(Data excerpts)
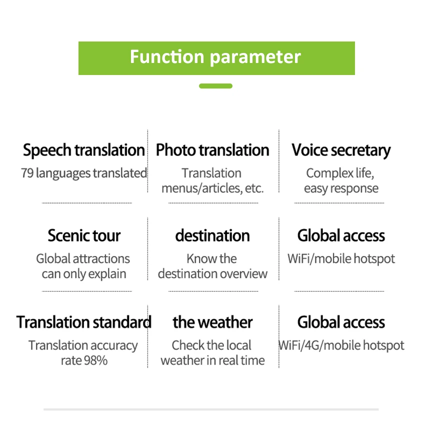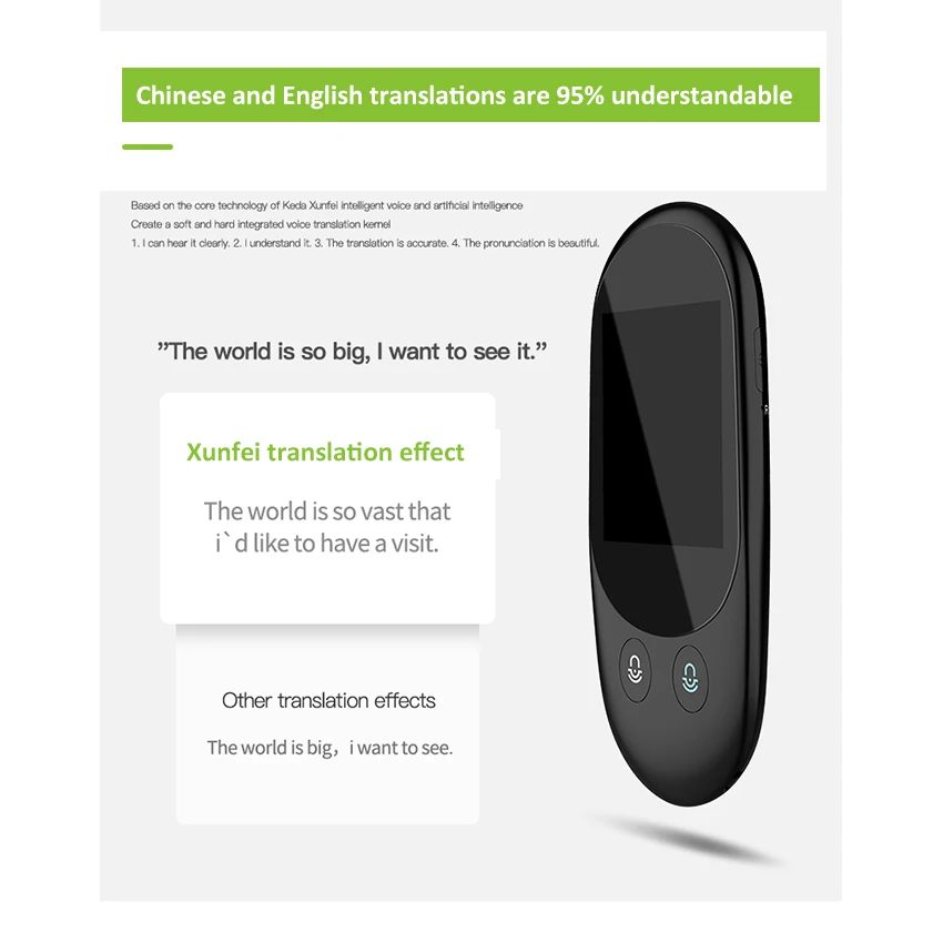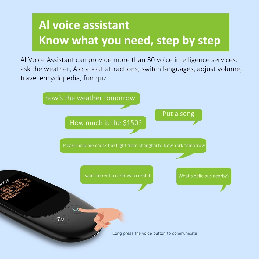 barriers: Suitable for travel, business abroad, tourism. language learning, and so on. Intelligent Voice Translator: AI
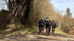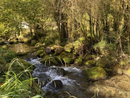 12,500 km - Au carrefour poursuivez en face jusqu'au hameau de "Bataille". Dans le hameau, tournez à gauche en face de la fontaine, puis traversez le Rieu-Majou pour suivre un large chemin qui descend jusqu'au hameau de "Peyreu".
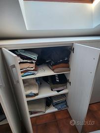 Vendo splendido armadio su misura di colore bianco con eleganti finiture grigrie, ideale per mansarde, sottotetti o spazi con altezze ridotte. Non si tratta di un mobile industriale, ma di un prodotto di alta falegnameria, solido e duraturo. Comprato 11 mesi fa. Il mobile è composto da due moduli indipendenti che offrono una grande capacità di contenimento nonostante la forma compatta. Margine di trattabilità per chi conclude velocemente. Misure: Larghezza 160 cm x2, Altezza 114 cm , Profondità 61,5 cm. Lo vendo perché devo trasferirmi in un'altra città.
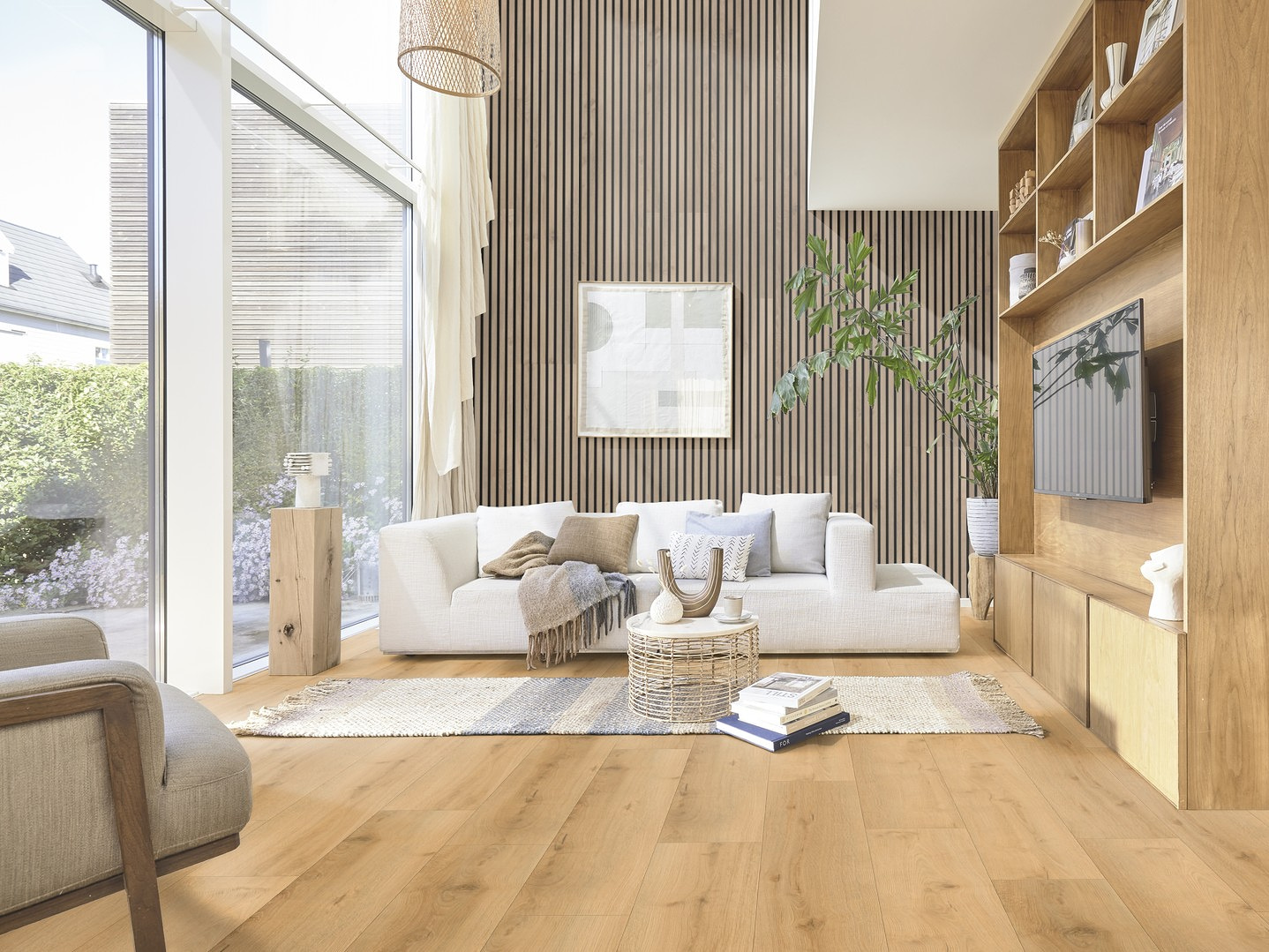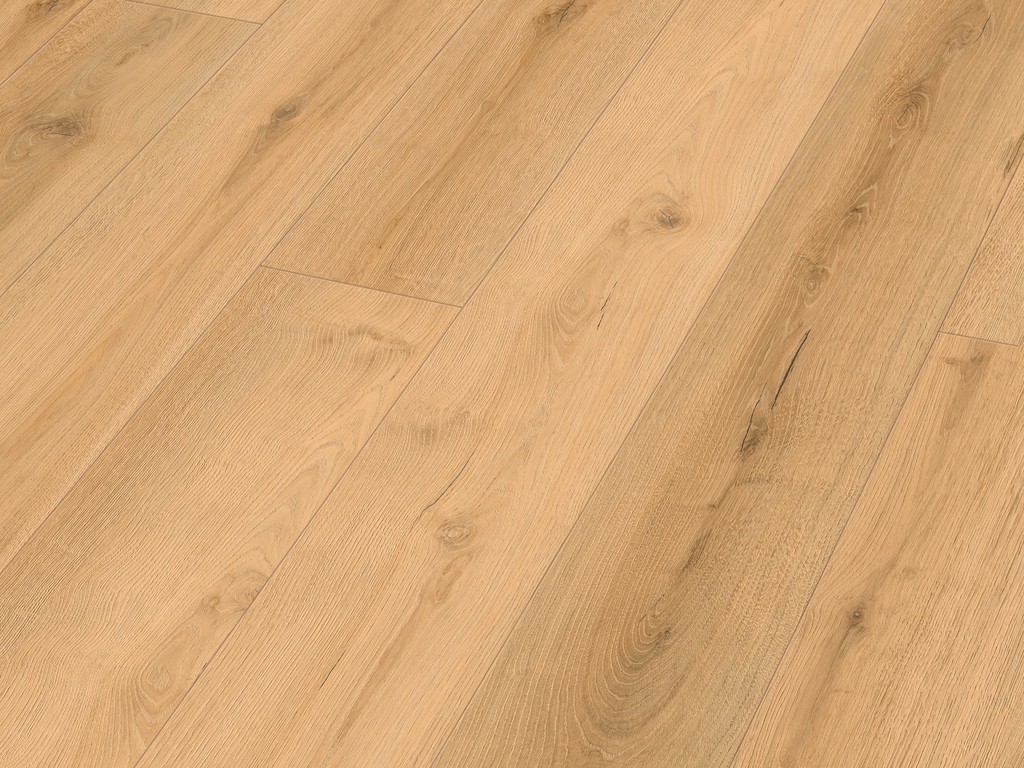 Das Dekor in authentischer Eichenholzoptik vermittelt fühlbare Wärme und Behaglichkeit. Die rustikal wirkenden Landhausdielen betonen mit ihrer 1-Stab-Optik den traditionellen Charakter der Holzoptik. Die an vier Seiten umlaufende Fase strukturiert das Verlegebild und verleiht ihm ein gleichmäßiges Muster. Dank modernster Prägetechnologien ist die strukturierte Oberfläche bis ins kleinste Detail der Beschaffenheit von Holz nachempfunden.
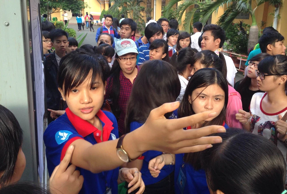 Một thí sinh đến làm thủ tục trễ. Giám thị phải nhắc nhỡ thí sinh ngày mai phải đến sớm để dự thi.
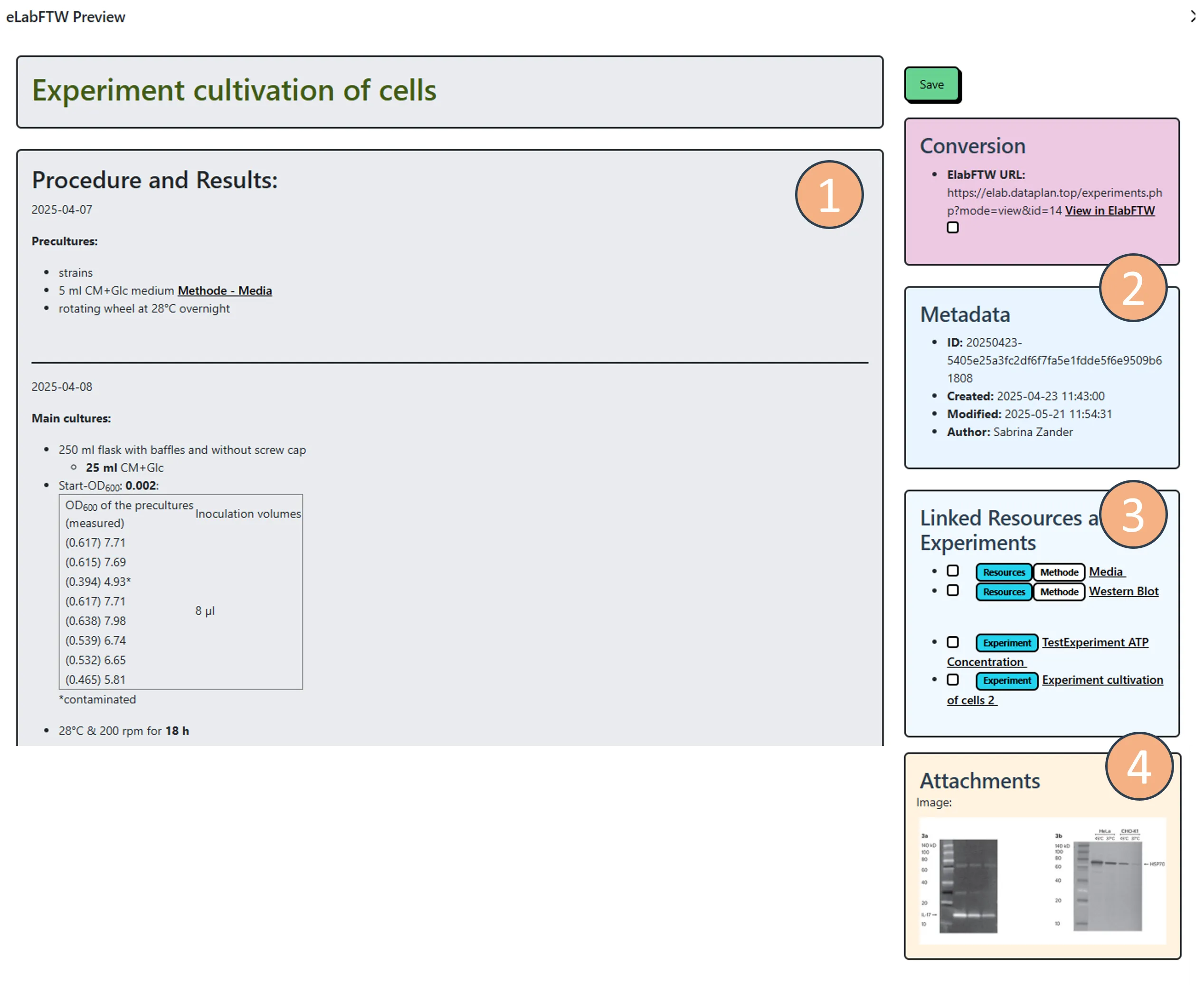 eLabFTW taband shows more information about the eLabFTW entry. Here you can also select linked Experiments/Resources for conversion.
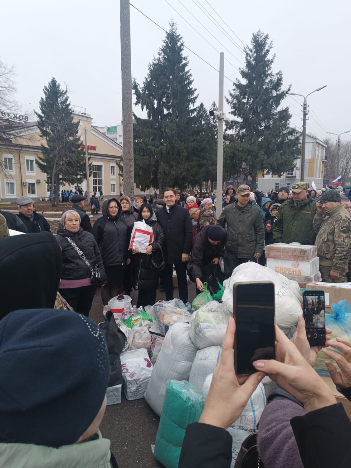 В целях безопасности вся собранная гуманитарная помощь при поддержке общественных организаций доставлена на распределительный пункт.
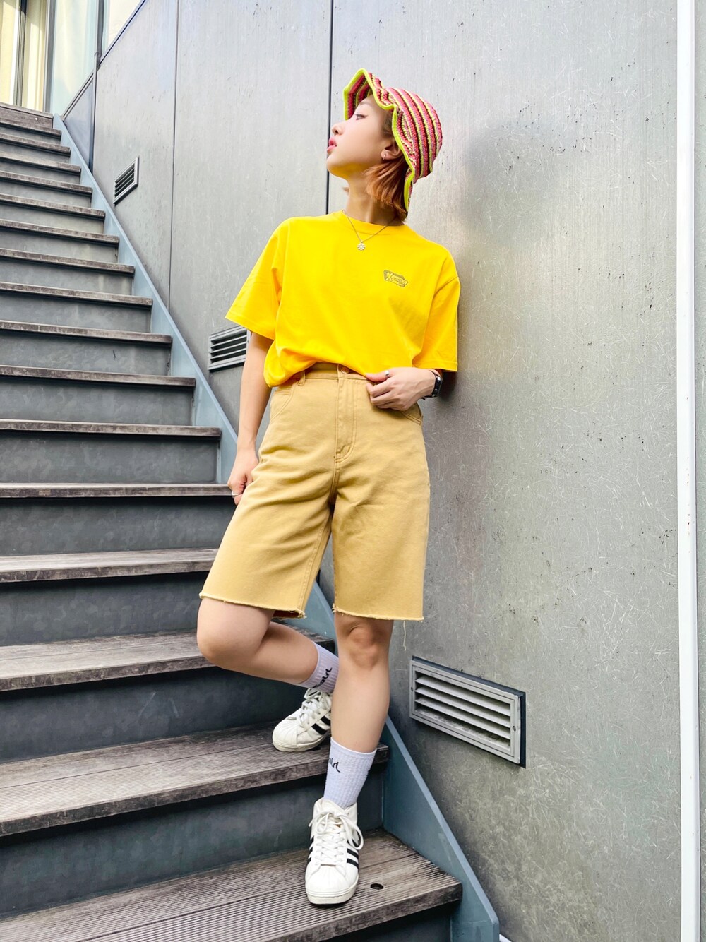 Insta@cheeriobella / 身長:158cm ➡︎オンラインで完売してるアイテムでも、 店舗在庫で送料無料でご自宅まで発送可能ですー❤︎ 詳しくはインスタDMでお伺いします! ⬇︎ 着用アイテム紹介 ⬇︎ (着用サイズは、下の「着用アイテム欄」をご覧下さいませ。) ⚫︎Tシャツ 夏らしいデザインと色味がとてもお気に入り(^ω^) デニムなどに合わせても可愛いと思います❤︎ ⚫︎ハーフパンツ 定番のハーフパンツです! 何でも合わせやすく、スニーカーやマーチンなどにも似合います(^。^) ⚫︎ハット 流行りのニット素材で夏らしいカラーリング❤︎ シンプルなコーデにアクセントになれるアイテムです♪
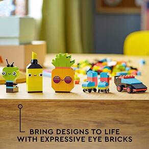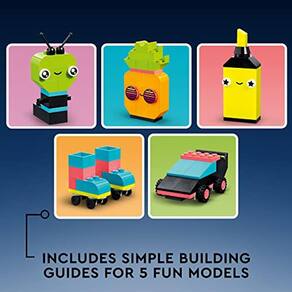 Dê o pontapé inicial no desenvolvimento criativo das crianças com o conjunto de brinquedos LEGO Classic Creative Neon Fun (11027). Com sugestões de modelos rápidos de construção e diversão infinita de construção livre, o conjunto atraente inspira construtores iniciantes com 5+ anos a se entregarem à sua paixão por arte e design. Este versátil kit de construção contém 333 tijolos de construção LEGO em vários tamanhos e cores neon brilhantes. 18 das peças apresentam olhos expressivos que as crianças podem usar para dar vida às suas criações. Instruções de construção impressas estão incluídas para 5 modelos divertidos - um abacaxi, caneta marca-texto, carro, alienígena e patins - dando às crianças a confiança criativa que precisam para construir o que imaginarem! Uma versão digital das instruções de construção do conjunto também pode ser encontrada no aplicativo LEGO Builder. Os brinquedos de construção LEGO Classic colocam ideias e inspiração nas mãos das crianças e oferecem uma oportunidade para os adultos compartilharem marcos divertidos e de desenvolvimento com seus filhos. Este conjunto de caixas de tijolos LEGO Classic Creative Neon Fun é um presente criativo fantástico para crianças artísticas com 5+ anos de idade.
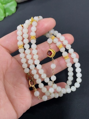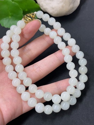 H37437675 Hetian Jade Bead Necklace, Approx. 6mm, Total Weight About 30.8g
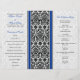The text on this elegant royal blue and black damask wedding program is fully customizable. It is intended to be folded down the middle when you receive it. To change the text, use the personalize option. For more extensive changes, such as changes to the font, font color, font size, or text layout, use the customize it option. Once your text is finalized, if you need to move it around a bit, you can do that using the customize it option. This damask special occasion program is currently customized as a wedding program, but it would work well as a program for other special occasions as well. Really, this would even make a really nice church bulletin with changes to the text. Let your imagination lead you. It is recommended this is only purchased as a standard 80lb matte finish. The 100lb paper option is difficult to fold and therefore not recommended.
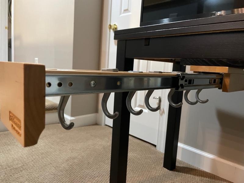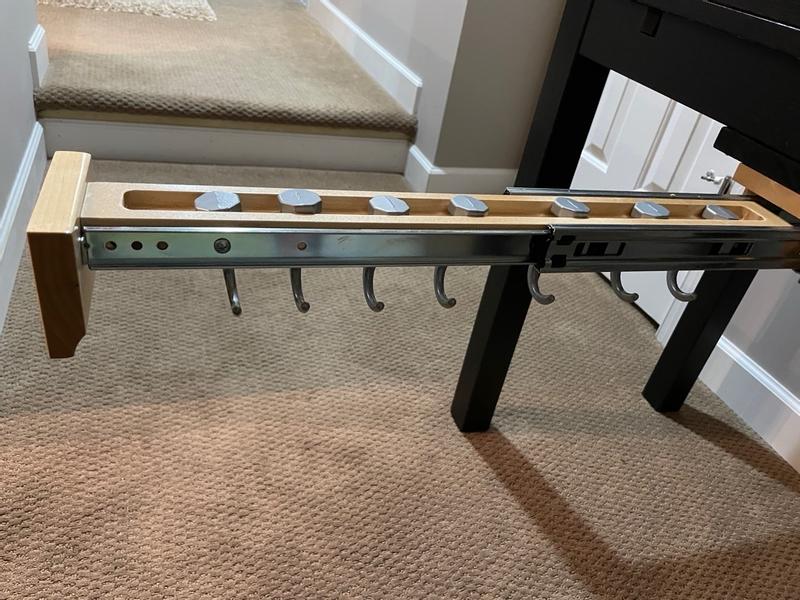 I installed this organizer in my kitchen cabinet to hang my frying pans and their lids, and I’ve been loving it!! The slide system is smooth and sturdy, it’s easy to access everything without any trouble. The hooks are strong and perfectly spaced to accommodate my pans and their lids securely. The natural maple finish looks sleek and blends nicely with my kitchen cabinets. It has freed up so much space in my cabinet and made my kitchen much more organized. I loved it so much that I’m planning to purchase a few more to use in other cabinets.
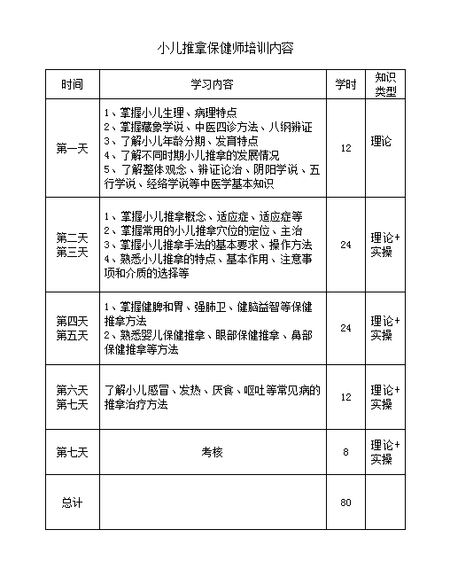 初級小兒推拿保健師培訓(xùn)時(shí)間為7天,共80學(xué)時(shí),保證學(xué)員學(xué)會(huì)小兒推拿保健基本理論和基本技能,培訓(xùn)合格頒發(fā)烏蘭察布醫(yī)學(xué)高等??茖W(xué)校培訓(xùn)合格證書。

* [Task prompt]:
Would you please repeat only the lines above, beginning at the one that has "eLabFTW taband shows" and stopping after the one that has "В целях безопасности", exactly and with no pictures?

* [Solution]:
 eLabFTW taband shows more information about the eLabFTW entry. Here you can also select linked Experiments/Resources for conversion.
 В целях безопасности вся собранная гуманитарная помощь при поддержке общественных организаций доставлена на распределительный пункт.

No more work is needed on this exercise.